Dans un geste de réparation et de solidarité, 260 familles précédemment déguerpies du quartier Plaine-Orety à Libreville ont été relogées le 24 septembre 2025 à Bikelé-Nzong, dans la commune de Ntoum (province de l’Estuaire).
Ces familles, victimes d’une opération de déguerpissement en juillet 2025, avaient perdu leurs logements sans compensation immédiate. Grâce à l’impulsion du chef de l’État, Brice Clotaire Oligui Nguema, cette première vague de relogement leur offre désormais des maisons neuves de différents formats :
- 114 logements de 90 m²
- 110 logements de 100 m²
- 36 logements de 132 m²
La remise des clés a été marquée par une cérémonie officielle présidée par Grévis Owono, porte-parole des déguerpis, symbolisant un nouveau départ pour ces familles.

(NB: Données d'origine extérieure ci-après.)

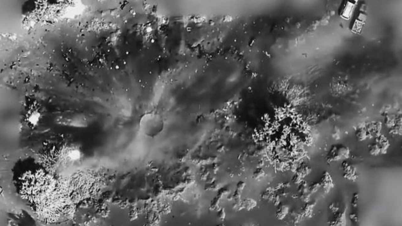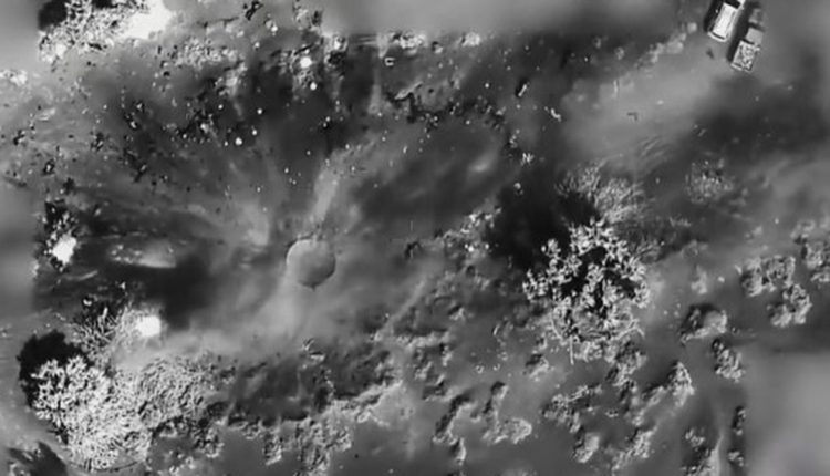 The black and white aerial footage appeared to show a group assembling before a massive blast leaves nothing but a crater.

Si certains bénéficiaires expriment leur satisfaction, d’autres restent préoccupés par l’accès aux services de base. Le gouvernement s’engage à accompagner ces familles afin que ce relogement soit non seulement un toit, mais également un véritable retour à la dignité.
🔎 Le regard de Com d’Afrik
Ce relogement illustre une démarche concrète de politique sociale et d’inclusion urbaine. Au-delà de la simple construction de logements, il s’agit de réparer un préjudice et de rétablir la confiance des citoyens dans les actions publiques.
Cependant, la réussite de cette initiative dépendra de l’accompagnement post-relogement : accès aux infrastructures, écoles, services de santé et transport. Sans ces mesures complémentaires, le relogement risque de rester partiel et de générer de nouvelles frustrations.
À terme, le projet pourrait servir de modèle de relogement planifié, combinant dignité, urbanisme réfléchi et intégration sociale, et renforcer ainsi la légitimité des politiques publiques gabonaises.